Of course, the reserve proof based on the Merkle tree also has some flaws.
One is that the reserve certificate is only a snapshot of the user's assets during the audit. Any asset transactions after the snapshot and assets not covered by the audit will not be included in the audit results. The platform can transfer funds on the audit day through Merck tree audit, and transfer funds out after asset snapshot.The solution is that the trading platform can increase the frequency of audit publicity (currently both OKX and Binance publish PoR reports monthly), from once a month to once a week, and even develop to real-time proof in the future. In addition, the third-party monitoring agency can also keep an eye on the wallet address announced by the exchange to observe whether there are large inflows and outflows of funds around the audit day.
Second, like traditional auditing, Merk tree-based reserve proofs are also difficult to reflect the company's internal financial status such as liability relationships and related transactions, which reduces the reliability of isolated reserve audits.
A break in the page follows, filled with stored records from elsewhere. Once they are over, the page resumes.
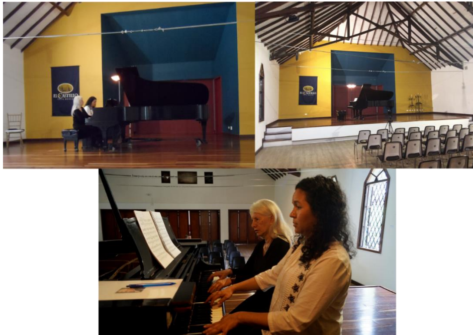
Ilustración 12 Ensayo previo al Concierto Sempre con Passione. Auditorio Museo El Castillo Medellín

Se realizaron las gestiones logísticas y de contacto, con la Sala de Conciertos del Museo el Castillo en Medellín, para la realización del programa de concierto SEMPRE CON PASSIONE, que incluyó una variación con respecto a la propuesta presentada en Bogotá, dos disciplinas artísticas: música y narración (ver ilustraciones 12, 13 y 14).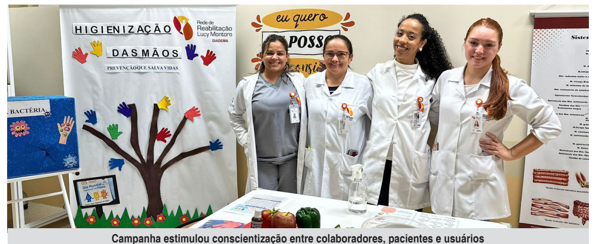
Campanha estimulou conscientização entre colaboradores, pacientes e usuários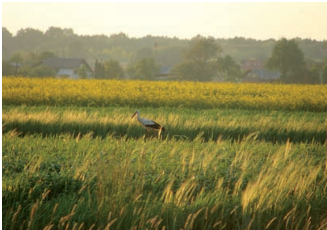
Zmagovalna fotografija Maruše Habinger

11. junija 2010 smo pod grajskimi arkadami odprli razstavo fotografij osnovnošolcev 2. Fotonatečaja Goričko 2010, Katera je tvoja najljubša? Na letošnji fotonatečaj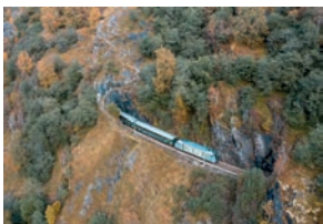
Železniční trať v Aurlandsfjord, Norsko

Za vaši pozornost rozhodně stojí i 29 km dlouhý Aurlandsfjord. Přiblížit se sem můžete pomocí ikonické norské železnice Flåmsbana, která je považována za jednu z nejkrásnějších vlakových tratí světa. I tady však platí to, že fjord nejlépe poznáte přímo z vodní hladiny. Mezi městečky Flåm a Gudvangen pendlují dva nejnovější norské trajekty, z jejichž paluby si dokonale užijete nádhernou ubíhající krajinu. Dala by se přirovnat k přírodnímu divadlu, vystavujícímu dramatický terén a horské štíty, hned vedle půvabných osad.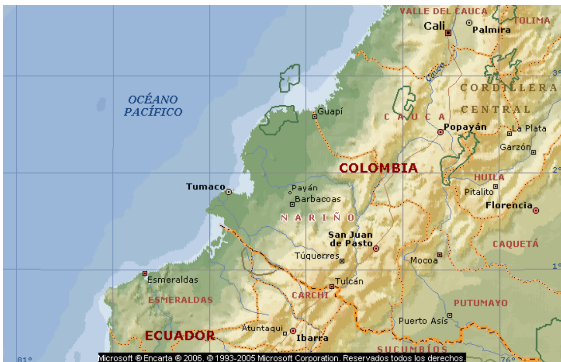
FIGURA 2 4

La población de Nariño, se encuentra repartida en forma irregular; mientras que el occidente y oriente tiene baja densidad, la zona central andina aglomera la mayor parte, es un departamento rural, puesto que un poco mas de la mitad de la población vive en el campo, únicamente Pasto, Ipiales y Tuquerres tienen una población mayor de 20.000 habitantes.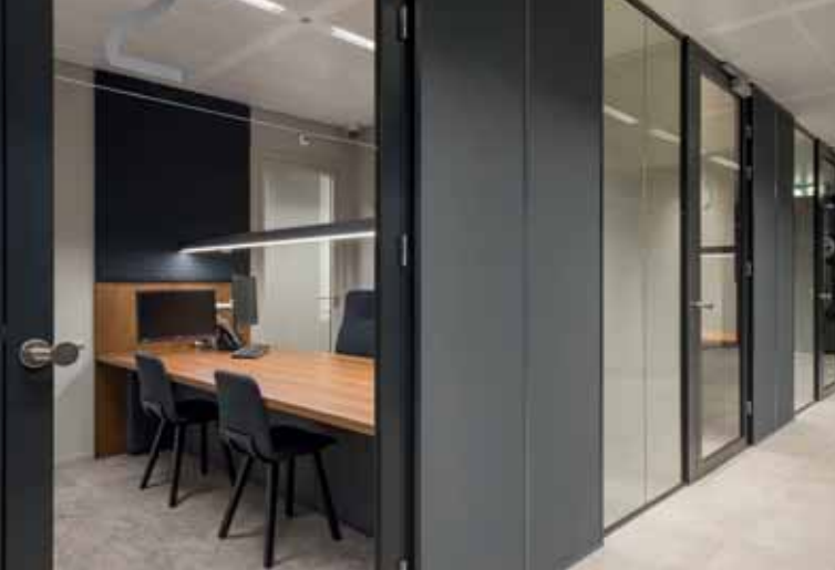
FOTO LINKSBOVEN Balie op de eerste verdieping.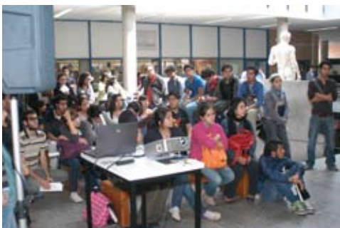
Exposicion del barrio a la metropoli

Se iniciaron los trabajos de los convenios de colaboración con la Universidad de Lanús, Buenos Aires y Universidad Centro Americana de Nicaragua. En este sentido, la Licenciatura en Urbanismo, junto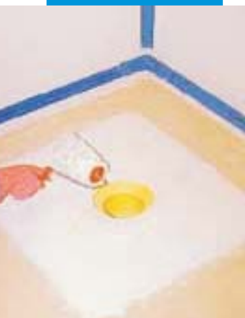
nanášení Mapegumu WPS v prostoru podlahové vpusti sprchového koutu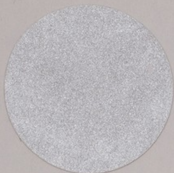
ACS 47 (10 мл)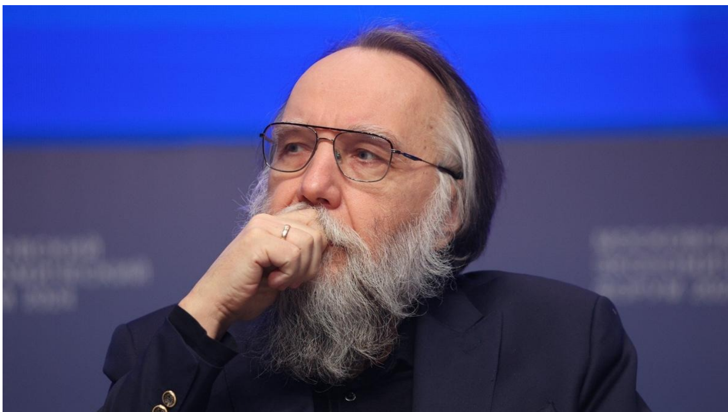
Александр Дугин.

Скандал вокруг создания в РГГУ «Высшей политической школы Ивана Ильина» вышел на новый уровень. Мнения студентов, депутатов и администрации вуза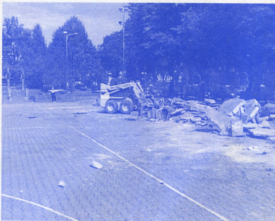
Радови на уређењу градског трга

Огромно поверење добијено на парламентарним изборима, српски радикали, који су осовина локалне самоуправе у Руми, у највећој мери су и оправдали. У јануару 2007. године завршена је једна од најкрупнијих инвестиција у нашој општини: изградња црпне станице у Никинцима, једином селу општине Рума које није имало свој бунар. Црпна станица је стављена у функцију 15. јануара 2007. године, на радост житеља овог лепог села, у коме, поред Срба, живе и припадници хрватске и мађарске националне мањине. Вредност радова на црпној станици у Никинцима износила је око 10 милиона динара, од чега је највећи део – више од 8 милиона динара – обезбеђен у буџету општине Рума. Поред завршетка црпне станице у Никинцима, ЈП «Водовод» остварило је у претходном периоду још један значајан успех: у јулу ове године пуштен је у погон и новоизграђени бунар на путу од Руме према Малим Радинцима (тзв. малорадиначки шпиц), што је омогућило да грађани Руме и у току многобројних жарких дана овога лета имају довољно квалитетне пијаће воде.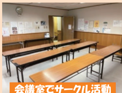
会議室でサークル活動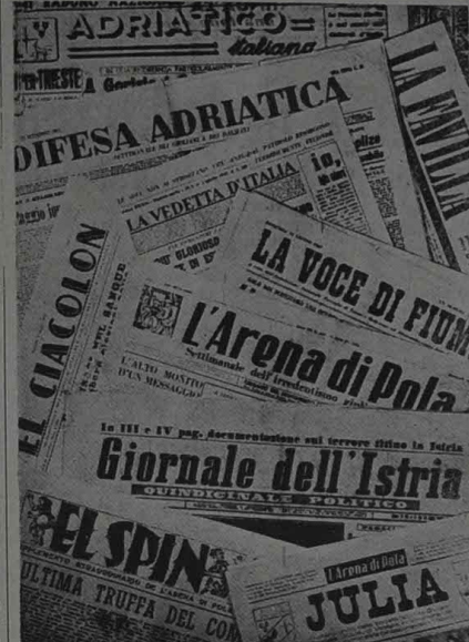
Numeri unici redatti con passione tradizionale, settimanali che lottano per una giusta causa e per vivere loro stessi, periodici che sono scoperti, testate famose...

italiana a Vienna, ma la Camera era aggiornata per l'ostrosuono slavo ed il problema rimaneva ancora insoluto.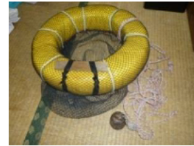
タンポ(浮輪付きの網袋)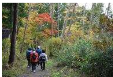
紅葉めぐりハイキング

市民への情報提供や、希少植物の保護保全に適した園内管理作業を行うため、巡回時に確認した植物、昆虫、鳥類を記録し、現在の生物の状況把握に努めました。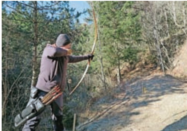
Zanimiva priložnost za aktivno preživljanje prostega časa.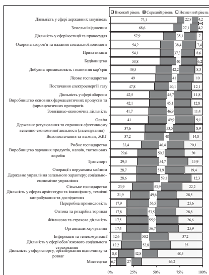
Рис. 1. Рівні криміналізації сфер економіки

Такий розподіл відповідей стосовно цих сфер було отримано в результаті опитування груп респондентів за віком та стажем роботи у практичних підрозділах, проте існує значна розбіжність у відповідях серед тих, хто вважає незначним рівень криміналізації сфери інформації і телекомунікацій та обов'язкового соціального страхування, зокрема серед вікових груп 20–30 років і 40 та більше років. Кількість тих, хто вважає рівень криміналізації у сфері інформації і телекомунікацій незначним, серед респондентів віком 40 років і більше складає 42 %, серед респондентів віком 20–30 років – 32,4 %; а у сфері обов'язкового соціального страхування відповідно 39,1 % та 30,7 %.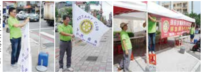
▲感謝社長秘書CPA協助佈置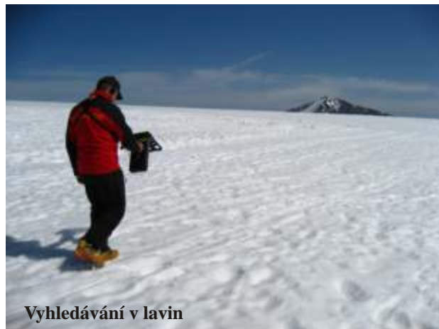
Vyhledávání v lavin

vážným úraz m p ivolán vrtulník Letecké záchrané služby. V pr b hu zimy pátrala Horská služba ve t ech p ípadech po ztracených turistech a na t chto akcích strávili záchraná i ty icet hodin. Technika Horské služby p i nich najela 518 km. Bohužel b hem zimní sezóny došlo i ke dv ma úmrtím. Dlouhá zimní sezóna vedla k nár stu po tu úraz na sjezdových tratích

The third is the problem of front-end fraud.The Merkle tree data is stored on the exchange's own server, and the front-end pages that users interact with the exchange are controlled by the exchange. The exchange may return fake pages to deceive users, and there is a possibility of front-end fraud; considering user inertia, The possibility and frequency of self-verification by users through the open source verification tools of the platform are relatively small.
As a solution, third-party PoR services can be used to increase reporting reliability. For example, Chainlink Labs provides a set of out-of-the-box solutions. Specifically, the service uses Chainlink nodes connected to the exchange's API and its vault address; these nodes are then connected to a proof-of-reserve smart contract that can be queried by any account on the network to determine the exchange's whether its assets equal its liabilities.
Fourth, the reserve certificate only covers part of the assets and cannot fully reflect the status of the exchange's funds.
Although regulatory agencies such as the SEC are not optimistic about the proof of reserves, in the absence of third-party audits, the proof of reserves based on the Merk tree is an effective attempt for the industry to save itself. The encryption market needs more open and transparent information, and the encryption platform is rebuilding user confidence through its own efforts. Of course, on-chain verification of reserves is new territory and still has a long way to go.